バスからは、時間が経つごとに観光客らしき人々がどんどんと消えていき、最後は数人の韓国人と、わたしたちだけになった。
たどり着いた松亭は、静かな海辺の町で。思ったよりも都会だなあと思いつつも、ここはまだ松亭ではなく、わたしの滞在先はさらにここからタクシーで山を越えた場所にあるという。流れてきたタクシーを捕まえ乗り込み「○○まで行きたいです」と英語で伝えると、タクシーの運転手が首をかしげる。英語が話せるか、と尋ねるとまた困ったように首を横にかしげる。
びゅんびゅんと車が進むたび、少しずつ賑やかだった街の看板が消えていく。

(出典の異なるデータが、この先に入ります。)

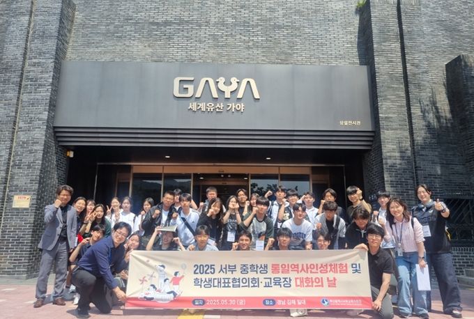 [경남도민뉴스=김채연 기자] 부산광역시서부교육지원청은 지난 30일 경남 김해에서 서부 관내 중학생 대표 32명을 대상으로 ‘서부 중학생 통일역사인성체험 및 학생대표협의회·교육장 대화의 날’을 운영했다.
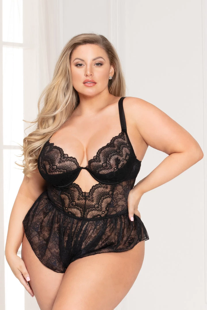 This plus size, flirty black floral lace teddy features a skirted flounce bottom, a cheecky cut back, underwire cups, ahook and eye back closure and keyhole cut outs.
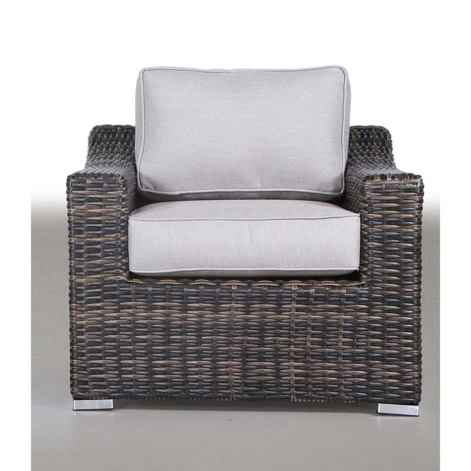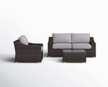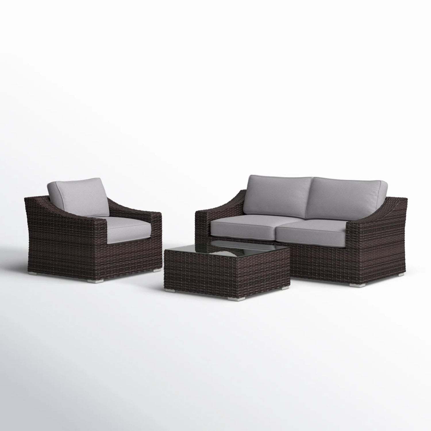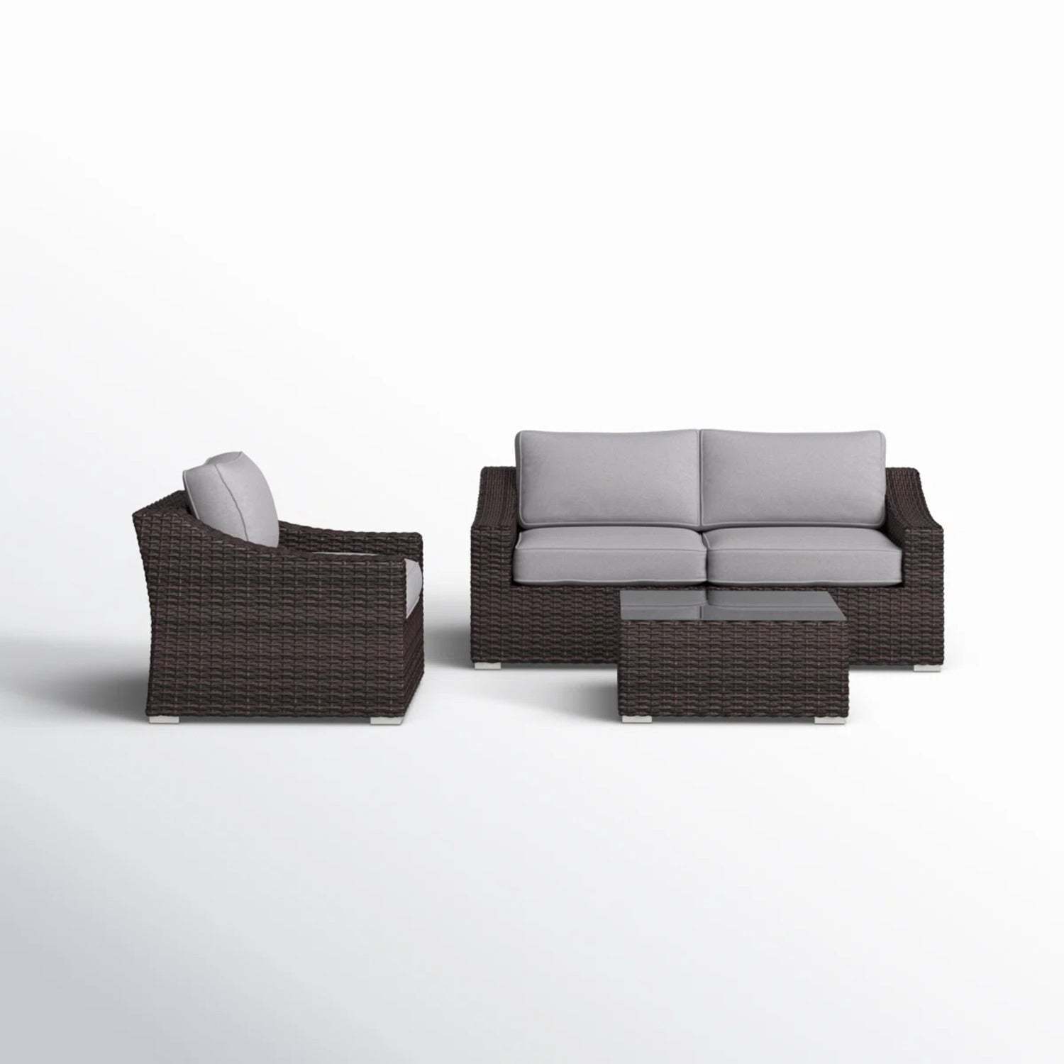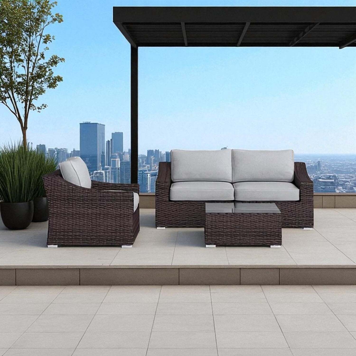 Add a touch of modern comfort to your outdoor space with this fully assembled 4-piece conversation set, perfect for patios, decks, or garden areas. The set includes a club chair, a loveseat made from two corner chairs, and a square glass-topped end table. Built with rustproof aluminum frames and wrapped in weather-resistant brown PE wicker, each piece is made to last through every season. Plush gray cushions, filled with high-resilience foam and covered in marine-grade olefin fabric, provide exceptional comfort and easy maintenance with zippered, machine-washable covers. Designed with gently sloped backs and commercial-grade durability, this set brings together timeless style and everyday ease?no assembly required.
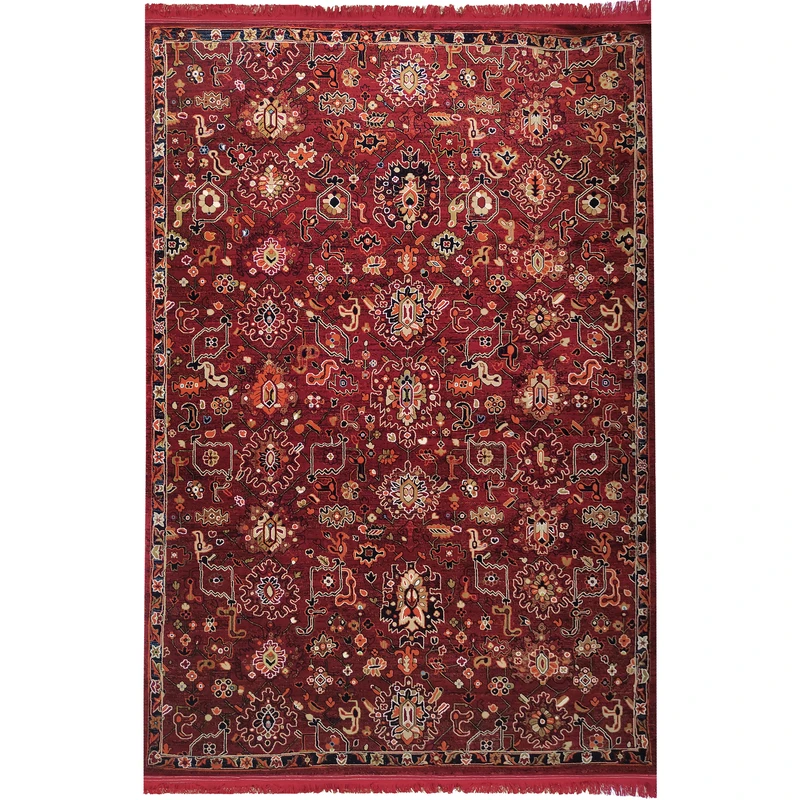 A richly detailed hand-knotted Persian rug with a deep red field and classic medallion design.
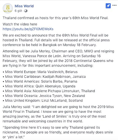 Miss World - Hoa hậu Thế giới 2019 sẽ được diễn ra tại xứ sở chùa vàng Thái Lan theo như thông tin được đăng tải trên trang chủ chính thức của cuộc thi. Theo đó, buổi họp báo lần đầu tiên sẽ diễn ra vào ngày 16/2 tới đây để công bố và ký kết giữa BTC Miss World và phía chủ nhà Thái Lan. Có lẽ, sau khâu tổ chức thành công vang dội của Miss Universe 2018, Thái Lan rất được khán giả trên thế giới đồng tình khi đăng cai Hoa hậu Thế giới năm nay.

気づけばあたりに観光客の気配はなく、ポツリポツリと、韓国語で書かれた看板があるだけだった。
この場所はどうやら韓国人たちのプチバカンスとして使われていること。
英語は通じないこと。
もちろん日本語も通じないこと。
外国人観光客は滅多にこないこと。
3日ほど滞在すると、どうやらここは自分が思っているよりも、きちんと”異国”であることに気づく。
ちいさなカフェが3軒、行きつけの韓国料理屋が1軒できた頃には、すっかりこの場所を好きになっていた。
全部で5日ほどの滞在を、ほぼ徒歩10分圏内でコンパクトに過ごした。
透き通る海を見て、カフェで本を読み、少し仕事をして。お昼寝をして、夕焼けを見て、ごはんを食べる。
そんな、日常と旅の真ん中のような生活が、日本でそわそわし続けていた私の心をやっと落ち着かせてくれた。
近くて遠い異国を覗きたくなったなら。ふらり、韓国の松亭を訪れてみるのも良いかもしれない。